- Directed by: Sandeep A. Varma
- Written by: Sandeep A. Varma
- Produced by: Humaramovie
- Starring: Piaa Bajpai Akshay Oberoi Divyendu Sharma
- Cinematography: Shanu Singh Rajput
- Edited by: Aarti Bajaj
- Music by: Anuj Danait
- Release date: 30 June 2016;
- Running time: 18 minutes
- Country: India
- Language: Hindi

= The Virgins (film) =

The Virgins is a Hindi short film directed by Sandeep A. Varma starring Divyendu Sharma, Pia Bajpai and Akshay Oberoi.
It is a take on the beliefs surrounding virginity in current India.

==Cast==
- Pia Bajpai
- Akshay Oberoi
- Divyendu Sharma
- Pratik Kothari

==Production==

===Filming===

The filming took place in May 2016 in a small seaside town in Dahanu.

== Reception ==
Fellow industry stars Kalki Koechlin and Imran Khan appreciated Varma and his film at the screening. Khan said, "The film was very enjoyable. It is actually on a very interesting subject. it is on a very relevant and a topical thing.

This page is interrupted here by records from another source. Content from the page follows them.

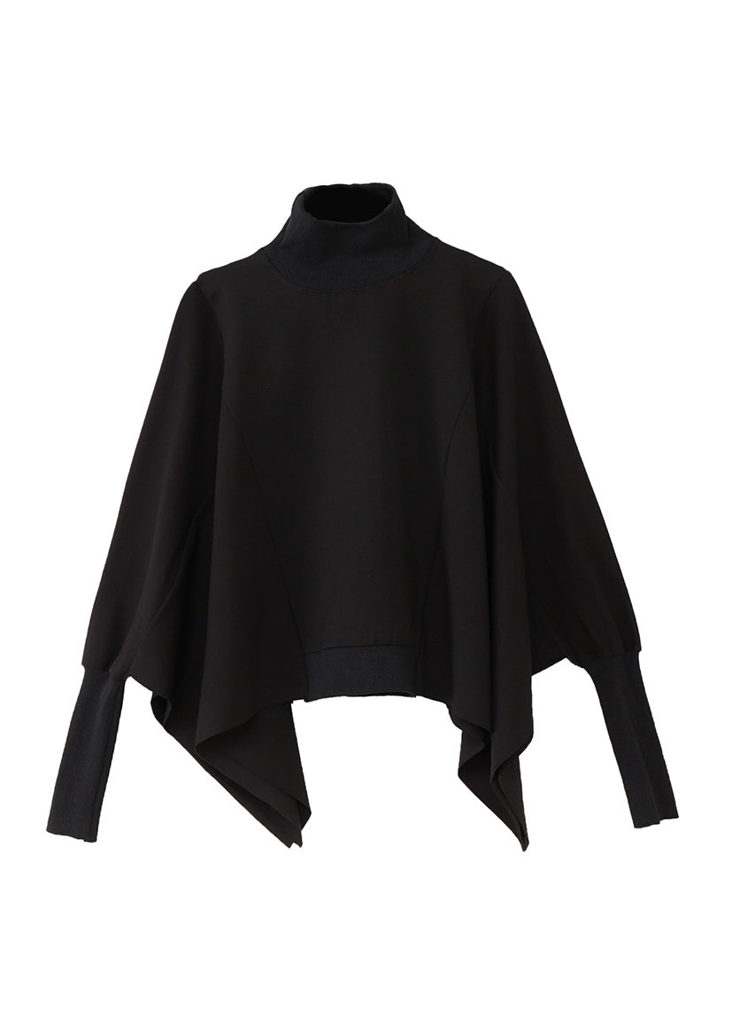 Handmade Black Turtleneck Asymmetrical Patchwork Zippered Low High Design Sweatshirts Batwing Sleeve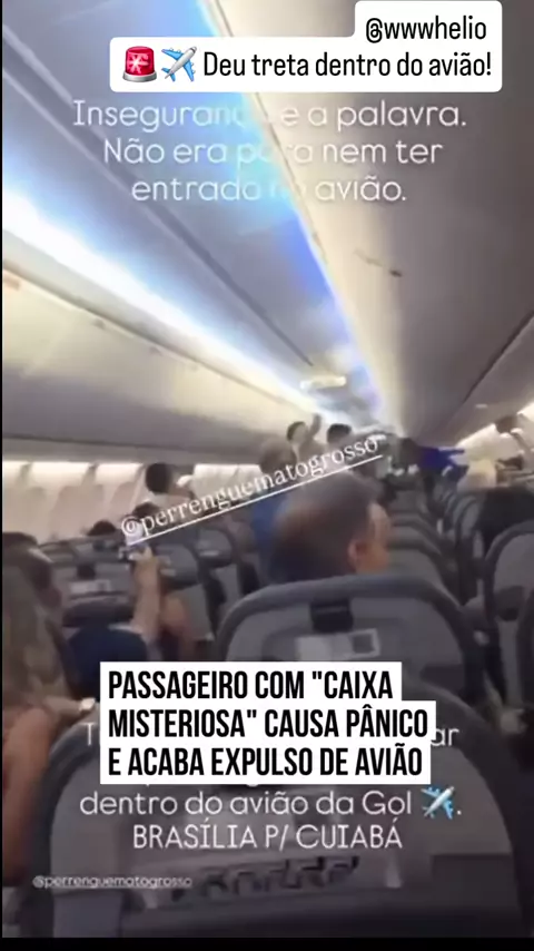 Um passageiro causou pânico em um voo que saía de Brasília com destino a Cuiabá ao embarcar com uma “caixa misteriosa”. 😳📦 Antes mesmo da decolagem, o clima ficou tenso. Passageiros se levantaram, reclamaram e pediram a retirada do homem da aeronave. Segundo relatos nas redes, o medo tomou conta do avião. O homem acabou sendo expulso, mas até agora ninguém sabe o que tinha dentro da tal caixa. 🤔 👉 Insegurança ou exagero? O que você acha? ➡️ Siga: @wwwhelio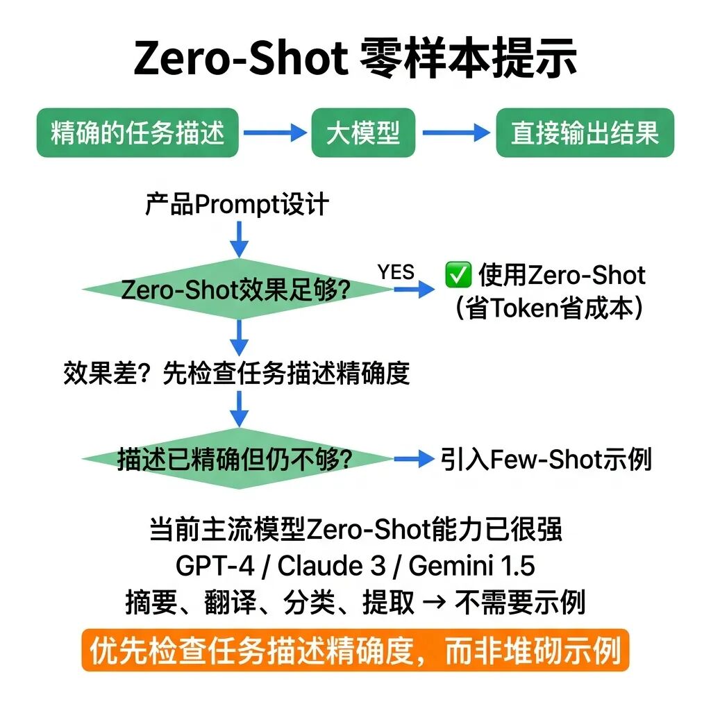 设计Prompt时先用Zero-Shot试效果,如果输出格式或质量不满足要求,再引入Few-Shot。不要默认加入大量示例,因为示例会增加Token消耗和推理延迟。

The ones who have got married and the ones who have thought of getting married, I think that they will relate a lot to this film." Koechlin said, "I think it is a very interesting concept, the idea of 'The Virgins', people who are concerned about being a virgin or not being a virgin before marriage, we don't see that often explored in cinemas, so it's nice."